The problem description
The expression grammar
Precedence and associativity
Informal semantics
Some sample expressions
Parsing strategy

Newsflash:
Here are some sample expressions for Lab 3. All of these should work OK (i.e., they are valid). I'll post another file of invalid ones later. (Remember that you need not give good error messages, but you should reject all invalid inputs and properly echo (parenthesized) valid inputs.)
And here are some examples of bad inputs, i.e., expressions which are not valid.

The problem description
For this lab, you will write a parser that reads in an infix expression, including variables and assignment operators, and produces an internal abstract syntax tree (AST) which you will use to re-write the expression (i.e., to "pretty-print" it). Re-printing the tree is intended mostly as a way of ensuring that you are parsing and constructing it correctly; in subsequent labs you will use this parser to compile the same expression language into machine code for the PC-231 architecture. In working on this lab, you should take into account the fact that you will be re-using the code (especially the AST representation) in that later lab: plan ahead so that your work will require minimal changes later on.
The specific expression language you will work with is described below in more detail using a context-free grammar written in extended BNF syntax (I will discuss BNF in lab and lecture).
In addition to planning out the structure and implementation of trees you will use to represent expressions, your major problem is to decide how to parse the input. Several natural choices come to mind:

use a hand-coded parser based on techniques you may a;ready know (e.g., recursive descent parsing): this may require you to "massage" the grammar a bit (so be sure you really have the right language when you're done!);

use a parser generator such as YACC or javacc: again, a certain amount of modification to the grammar might be required;

use an informal, ad-hoc technique suitable for very simple grammars (and therefore easy to verify as correct): I have provided a summary description of such a technique in a separate section below.

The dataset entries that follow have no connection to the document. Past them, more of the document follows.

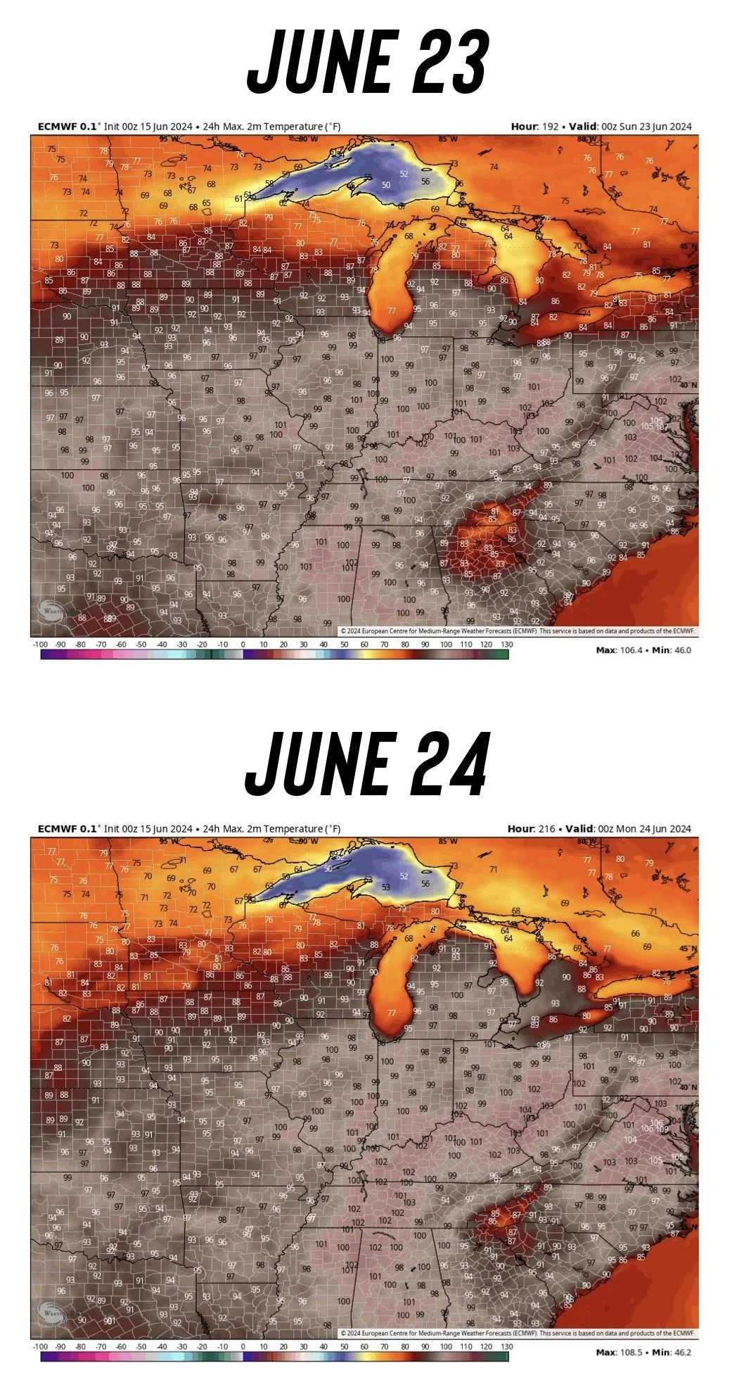 "Right back to excessive heat by July 1st. I think July 5th to 15th could be record heat for the grain belt with risks for several 100+ degree high temp days."
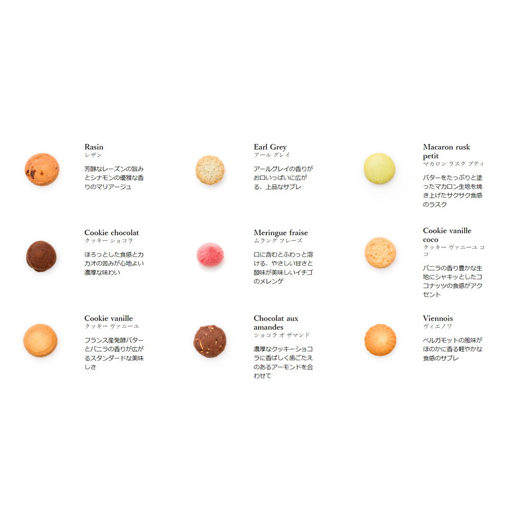 レーズンとシナモンを合わせた「レザン」、アールグレイの香りがお口いっぱいに広がるサブレ「アールグレイ」、甘酸っぱいイチゴを使ったメレンゲ「ムラング フレーズ」など、9種の味がお楽しみいただけます。
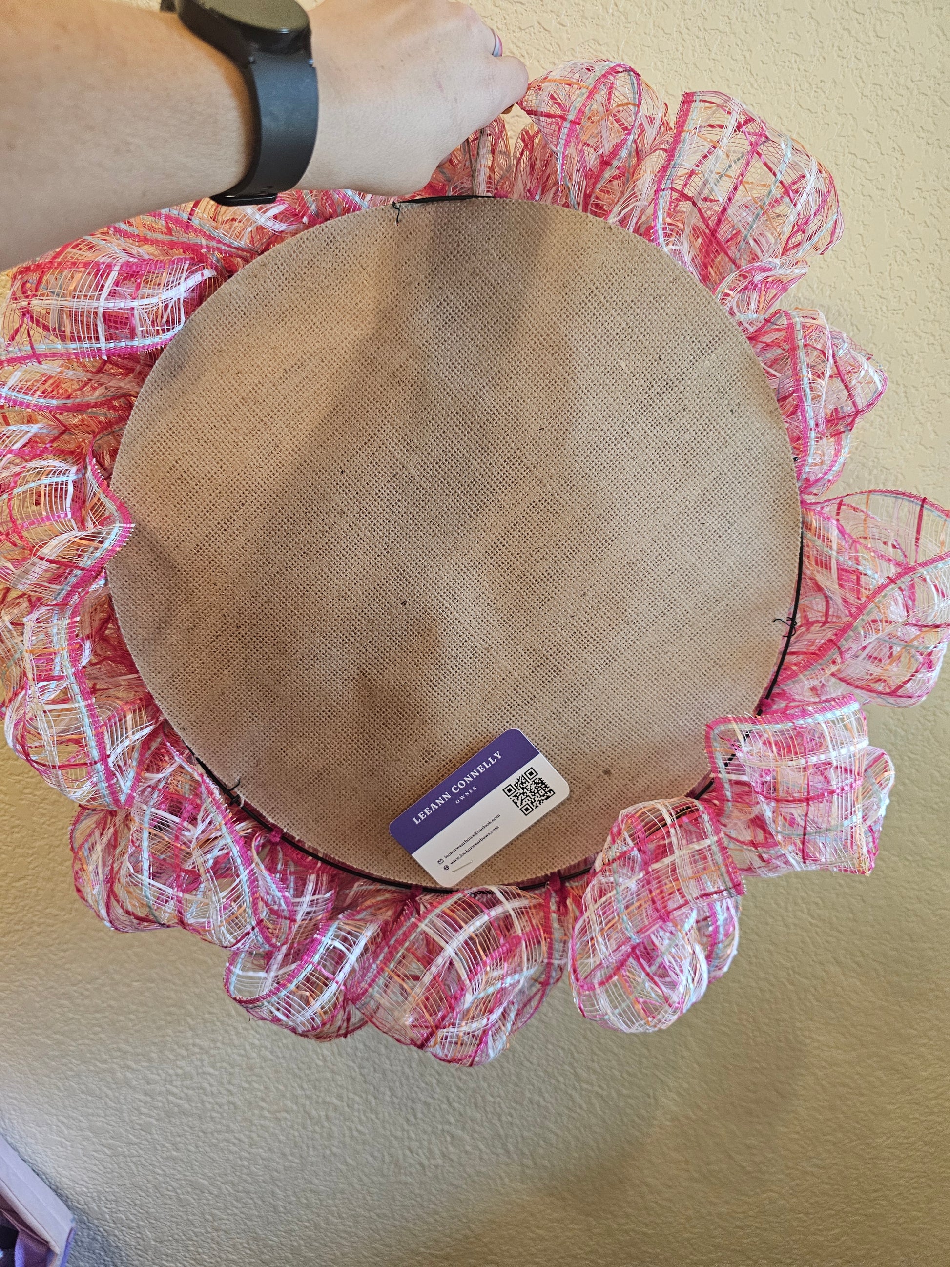 A fun, bright wreath with a sign "This is my happy place, don't ruin it." This handmade 14" wreath is vibrant and good for any day.
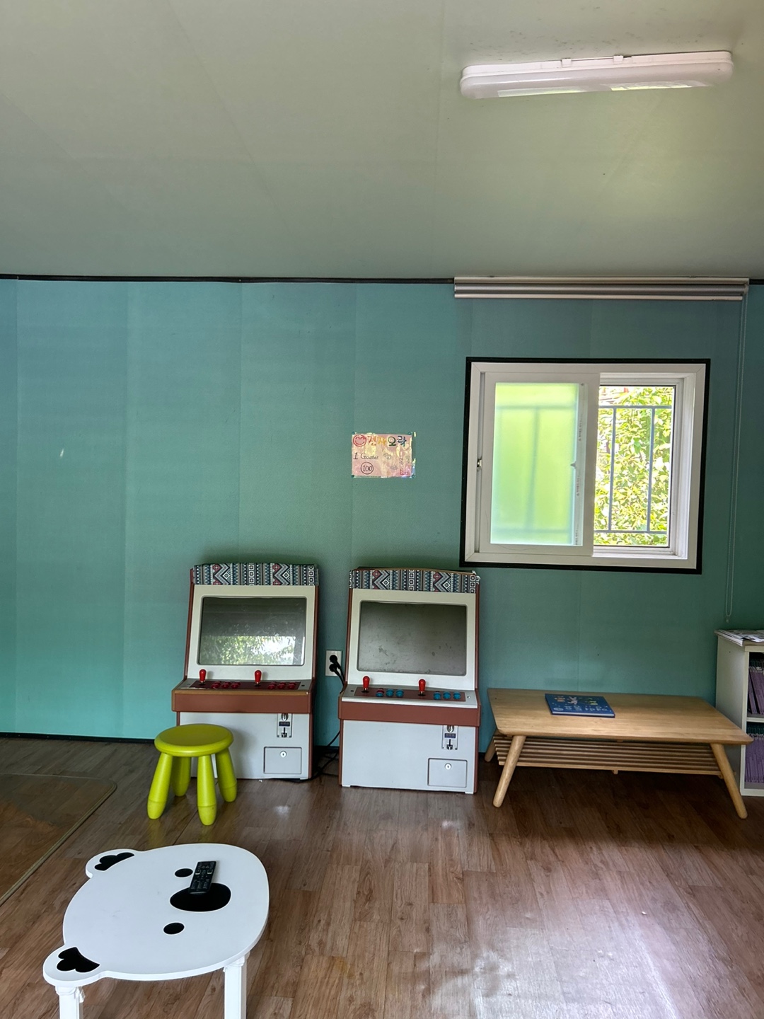 수영장 쪽에 보면 미닫이 문으로 된 작은 방이 하나 있어요. 문을 열면 이렇게 작은 휴게 공간이 있어요. 오락기는 작동을 하는 것 같아 보이진 않았지만, 어린 아이들을 위해 책을 읽어줄 수있는 공간이더라고요.
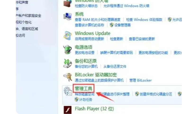 2、在系統(tǒng)和管理中,點(diǎn)擊進(jìn)入管理工具;

Although this lab is not concerned with semantic issues, you will probably be able to figure out roughly what each of the language constructs is intended to mean: keeping these intuitions in mind will help you plan for static semantics (e.g., type-checking) and code generation phases later on. Note that there are two types of expressions (and of values) in the language, namely integer and boolean, although this distinction is not enforced at the level of the grammar given here.

The expression grammar
We will use a rich set of expressions as our input language in order to better approximate the kinds of language constructs which are used in more realistic programming languages. The grammar given below is fairly abstract, in that it does not specify the precedence or associativity of the operations involved. Precedence rules are given following the grammar (this allows us to focus more clearly on expression structure, which you need to mirror in the structure of your trees). The lexical structure of variables, literals and operators is also given in an extended BNF style: if you use a parser generator or other such tool, you may want to split off lexical issues into a separate part suitable as input to a scanner generator. <
<expr>  ::=  <int-lit>
         |   <bool-lit>
         |   <var>
         |   READ
         |   <var> = <expr>
         |   <var> <post-op>
         |   <expr> <bin-op> <expr>
         |   IF <expr> THEN <expr> ELSE <expr> END
         |   ( <expr> )

<bool-lit> ::=  T | F					{can also result from a boolean READ}

<int-lit>  ::=  <digit>+				{i.e., non-empty sequences of digits}
<digit>    ::=  0 | 1 | ... | 9

<var>      ::=  <alpha>+				{note: lowercase only, and no digits}
<alpha>    ::=  a | b | ... | z

<bin-op>   ::=  <arith-op> | <rel-op> | <bool-op>
<arith-op> ::=  +  | - | *				{no division}
<rel-op>   ::=  == | < | >				{defined for numbers AND booleans!}
<bool-op>  ::=  ^  | |					{note dual use of "|"}

<post-op>  ::=  ++ | -- | ~~
A few notes on the syntax:

Variable names are lowercase only and may not include digits; all "keywords" are uppercase only.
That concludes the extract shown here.